▶ [ASSIGNMENT]
With the pictures omitted, print exactly the lines below, from the one containing "久我会長による 開会挨拶" through the one containing "Le SARP conseille", and nothing else.

▶ [ENTRIES PROVIDED]

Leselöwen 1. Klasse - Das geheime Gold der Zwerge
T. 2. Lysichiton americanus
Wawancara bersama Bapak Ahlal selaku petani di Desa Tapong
...
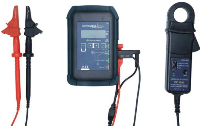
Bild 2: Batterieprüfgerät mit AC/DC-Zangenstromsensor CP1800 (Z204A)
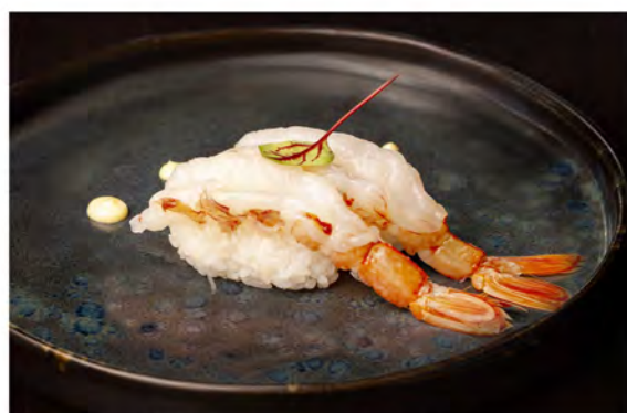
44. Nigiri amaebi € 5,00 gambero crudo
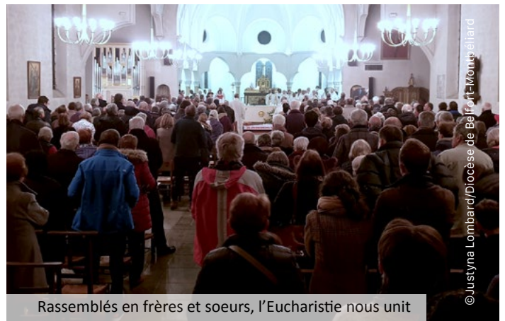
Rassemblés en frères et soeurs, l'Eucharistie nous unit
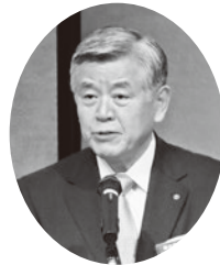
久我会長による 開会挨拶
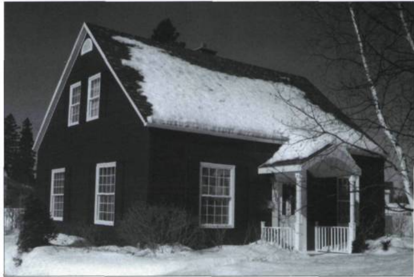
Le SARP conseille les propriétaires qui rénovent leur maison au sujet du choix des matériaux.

▶ [RESPONSE TO THIS TASK]
久我会長による 開会挨拶
Le SARP conseille les propriétaires qui rénovent leur maison au sujet du choix des matériaux.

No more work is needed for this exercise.